Anna Maria Sforza (21 July 1476 – 30 November 1497) was Hereditary Princess of Ferrara as the first wife of Alfonso I d'Este, future Duke of Ferrara. She was the second legitimate daughter of Galeazzo Maria Sforza, Duke of Milan, and his second wife, Bona of Savoy.

Life
Born in Milan, she was the second daughter and last legitimate child of Galeazzo Maria Sforza, Duke of Milan, by his second wife, Bona of Savoy. Anna's paternal grandparents were Francesco I Sforza and Bianca Maria Visconti, for whom she was named.

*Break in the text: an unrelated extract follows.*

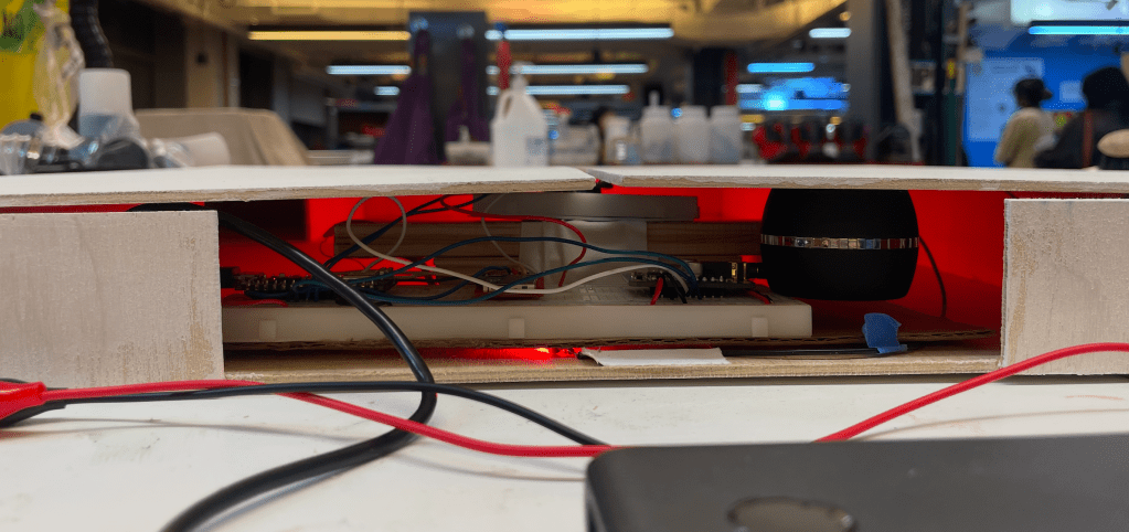 Before I glued the top, I fixed the red noods (flexible led) inside the box. When the light turns on, there will be a red light slightly coming through the gap in the middle.
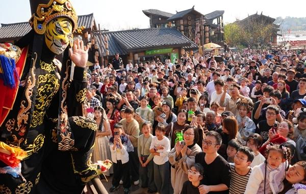 2月22日,民间艺人在湖南省衡阳市南岳区南岳里表演变脸。春节假期进入尾声,人们体验非遗、赏景休闲,享受多彩假日。曹正平/摄(新华社发)

She had two older brothers: Gian Galeazzo Sforza and Hermes Maria Sforza, Marquis of Tortona, and a sister, Bianca Maria Sforza, second wife of Maximilian I, Holy Roman Emperor.

When Anna was five months old, her father was assassinated inside the Church of Santo Stefano in Milan on 26 December 1476, which was the Feast Day of St. Stephen. He was stabbed to death by three high-ranking officials of the Milanese court.

In 1477, Anna was formally betrothed to Alfonso I d'Este, the heir of Ercole I d'Este, Duke of Ferrara. Her wedding with Prince Alfonso d'Este took place fourteen years later, on 12 January 1491, amidst banquets, receptions, and theatrical representations. However, the marriage was unhappy: blonde and without femininity, Anna, all her time dressed like a man, refused to consummate her union, preferred the company of women and spent every night with a small black slave.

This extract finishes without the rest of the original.